This means the computed solution $\hat{\mathbf{x}}$ is the exact solution of a slightly perturbed system. The forward error satisfies:

$$\frac{\|\hat{\mathbf{x}} - \mathbf{x}\|}{\|\mathbf{x}\|} \leq \kappa(A) \cdot g \cdot n \cdot \epsilon_{\text{mach}}$$

where $\kappa(A) = \|A\| \|A^{-1}\|$ is the condition number.

4.6 Historical Development

Ancient China: The Nine Chapters (c. 200 BCE)

The Jiuzhang Suanshu (Nine Chapters on the Mathematical Art) contains the earliest known systematic method for solving systems of linear equations. Chapter 8 describes a procedure essentially identical to Gaussian elimination, applied to systems arising from agricultural taxation and trade. This predates Western discoveries by nearly two millennia.

Carl Friedrich Gauss (1809)

Gauss refined the elimination method while fitting orbits to astronomical observations, particularly in his work on the orbit of the asteroid Ceres. His systematic use of the method in least-squares problems led to it bearing his name, though the core algorithm was already ancient.

Alan Turing and James Wilkinson (1940s–1960s)

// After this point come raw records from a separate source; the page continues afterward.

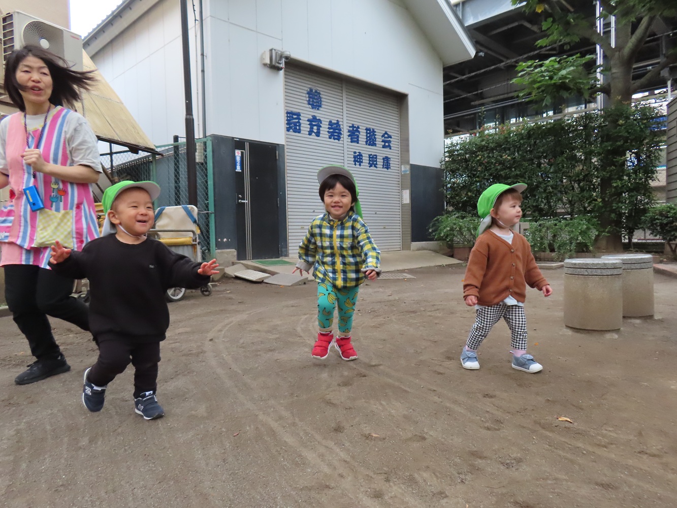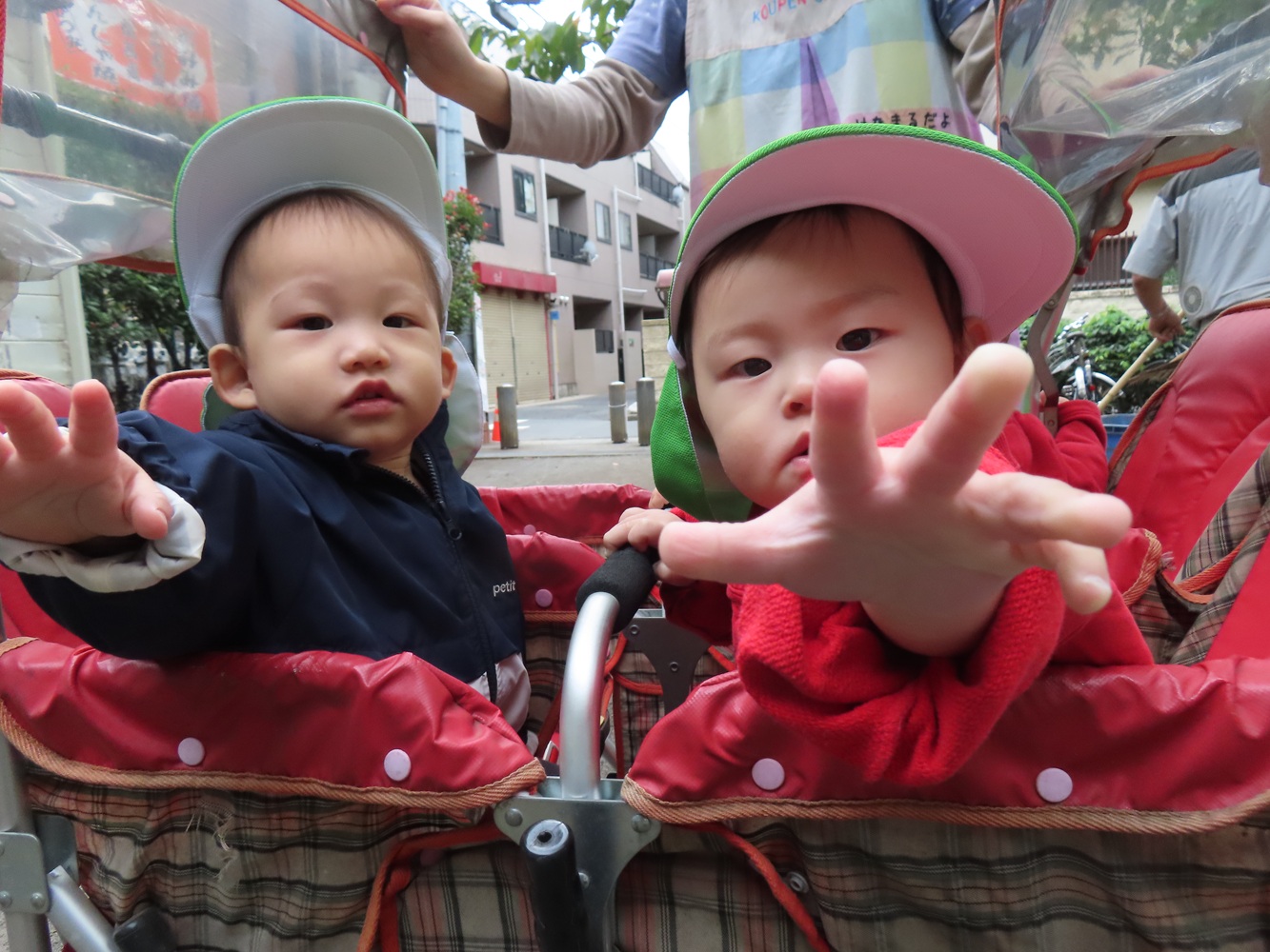 他にもカートから周りの様子を観察し保育者の言葉掛けに「あーうー」と答えてくれたり、保育者と元気いっぱい走ったりと戸外遊びを楽しんでいます。
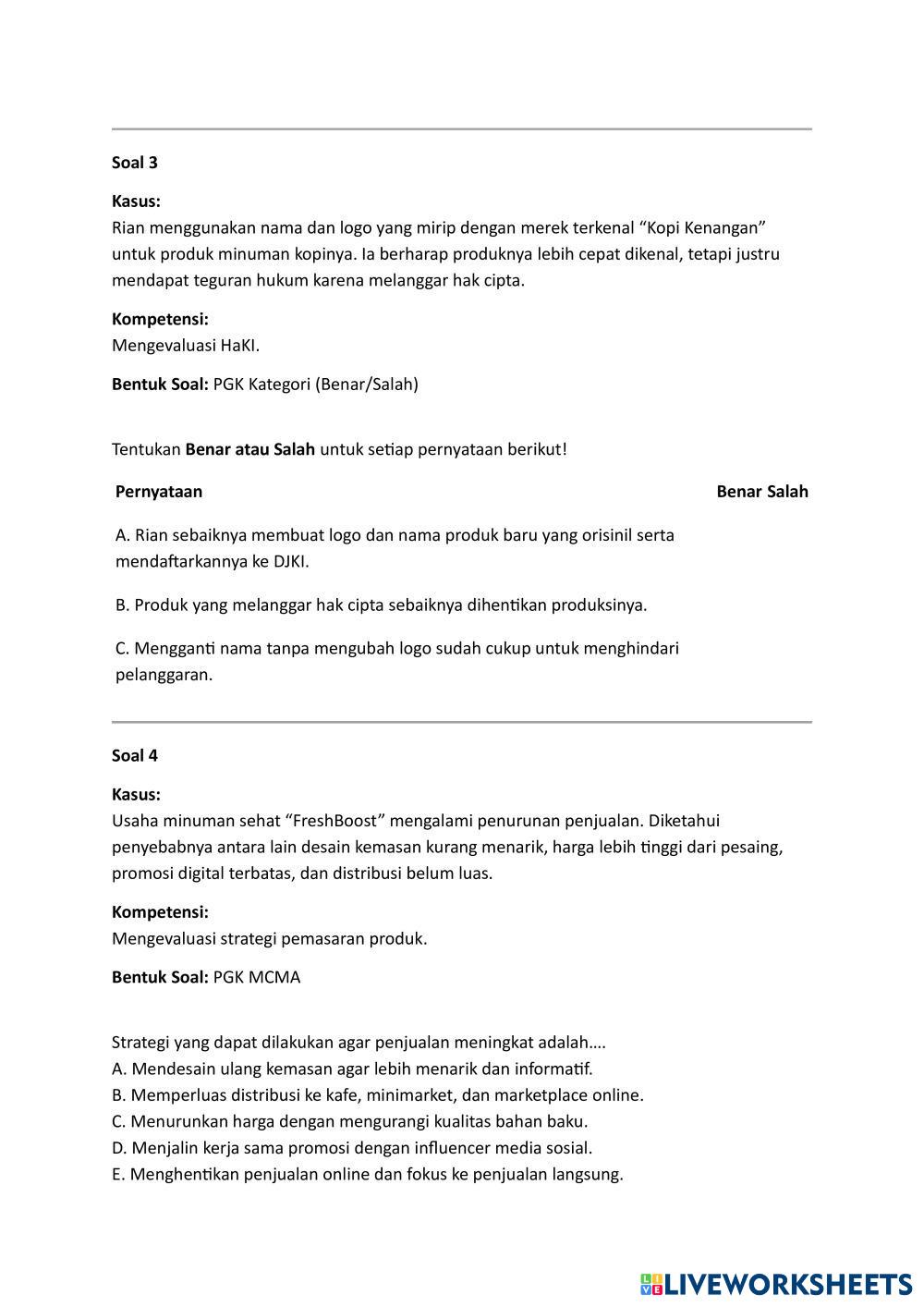 SOAL LATIHAN PERSIAPAN TKA MATA PELAJARAN PKWU
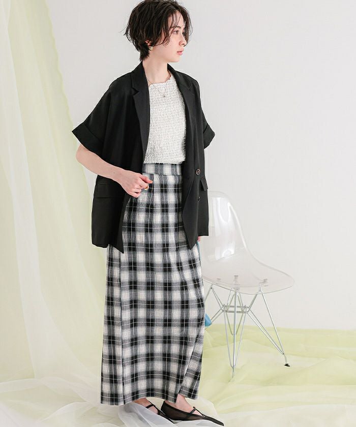 ・袖は少し長めのハーフスリーブにすることで、腕周りをすっきり見せてくれる
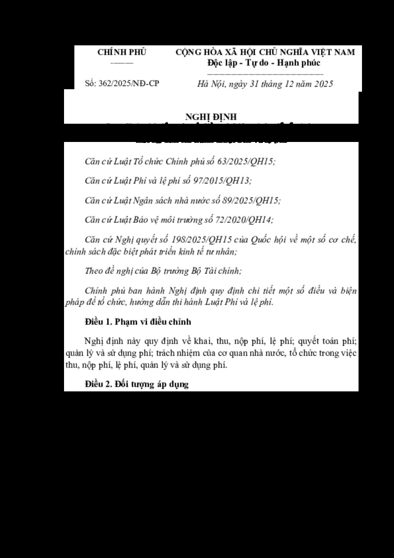 | Số hiệu | 362/2025/NĐ-CP | Cơ quan ban hành | Chính phủ |

The numerical stability of Gaussian elimination became crucial with the advent of digital computers. Turing analyzed round-off error in 1948, and Wilkinson developed the definitive backward error analysis and showed that partial pivoting ensures stability. Wilkinson's work earned him the Turing Award in 1970.

Ivar Fredholm (1903)

Fredholm proved his alternative theorem in the context of integral equations, providing a deep connection between solvability conditions and the adjoint operator. His work bridged finite-dimensional linear algebra and infinite-dimensional functional analysis.

4.7 Applications

Circuit Analysis

Kirchhoff's laws produce systems of linear equations: voltage law (KVL) and current law (KCL) give one equation per loop and per node. For a circuit with $n$ nodes and $b$ branches, the resulting system has $n - 1 + b - n + 1 = b$ equations. LU decomposition is used in SPICE simulators that analyze circuits with millions of components.

Finite Element Method

The FEM discretizes partial differential equations into systems $K\mathbf{u} = \mathbf{f}$where $K$ is the stiffness matrix (often sparse and symmetric positive definite). For structural analysis, $\mathbf{u}$ contains nodal displacements and $\mathbf{f}$contains applied forces. Modern FEM codes solve systems with billions of unknowns.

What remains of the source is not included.